- _DESCRIPTION OF THE TASK_
The lines from the one containing "карманов, цвет чёрный/Рюкзак" through the last one in the data: please copy those exactly, and only those, without the pictures.

==== RECORDED DATA

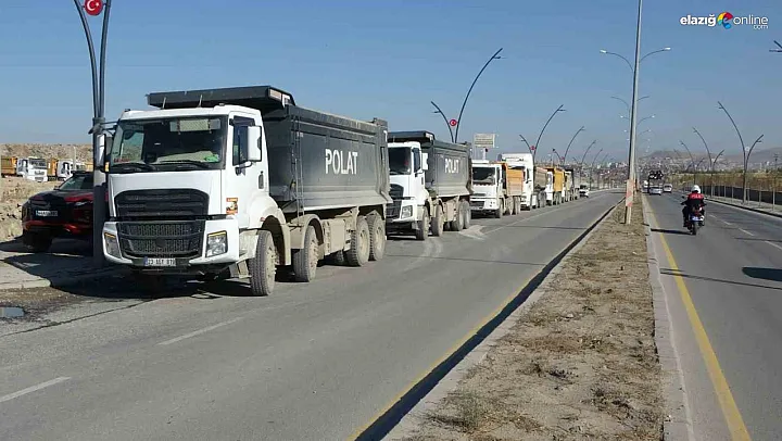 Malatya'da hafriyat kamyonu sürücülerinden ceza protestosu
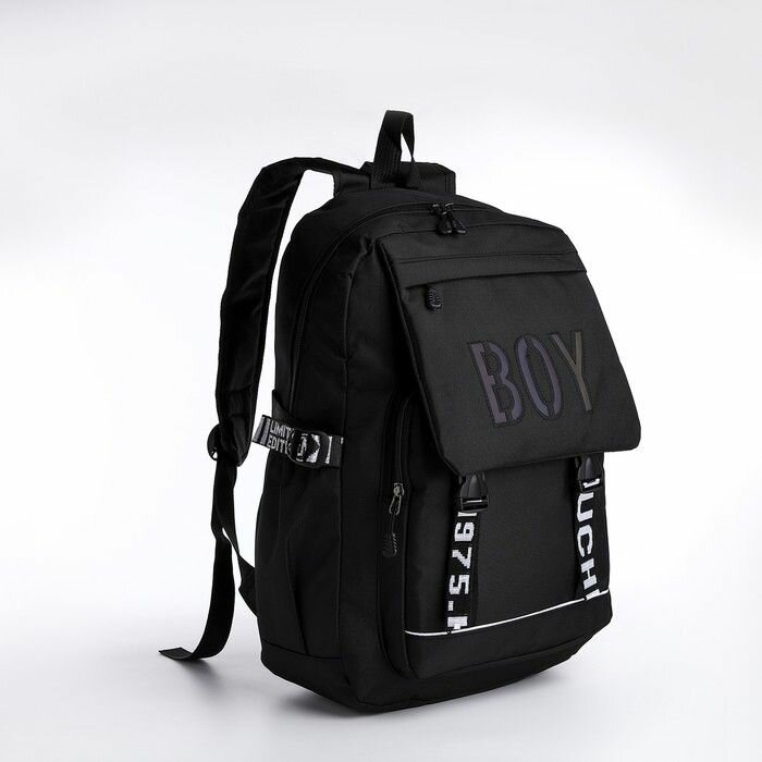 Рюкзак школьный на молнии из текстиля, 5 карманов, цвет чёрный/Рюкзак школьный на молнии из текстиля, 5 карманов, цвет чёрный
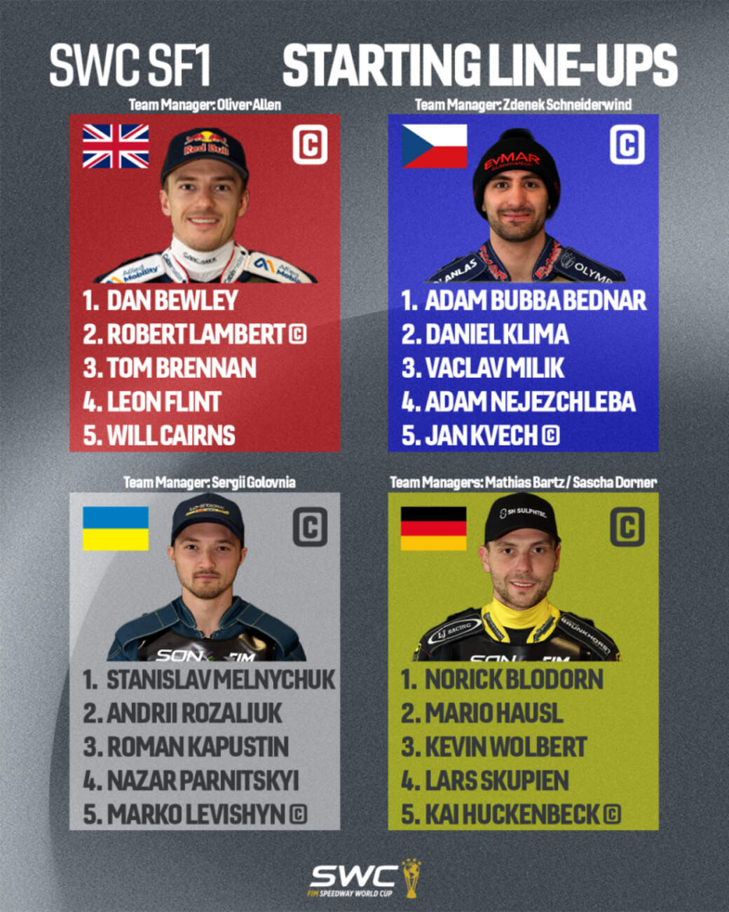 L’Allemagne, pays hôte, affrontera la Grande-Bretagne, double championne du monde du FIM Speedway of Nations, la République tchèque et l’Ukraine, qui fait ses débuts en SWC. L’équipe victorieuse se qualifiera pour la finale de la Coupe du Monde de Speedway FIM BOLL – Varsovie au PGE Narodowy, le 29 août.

========

- _TASK ANSWER_
 Рюкзак школьный на молнии из текстиля, 5 карманов, цвет чёрный/Рюкзак школьный на молнии из текстиля, 5 карманов, цвет чёрный
 L’Allemagne, pays hôte, affrontera la Grande-Bretagne, double championne du monde du FIM Speedway of Nations, la République tchèque et l’Ukraine, qui fait ses débuts en SWC. L’équipe victorieuse se qualifiera pour la finale de la Coupe du Monde de Speedway FIM BOLL – Varsovie au PGE Narodowy, le 29 août.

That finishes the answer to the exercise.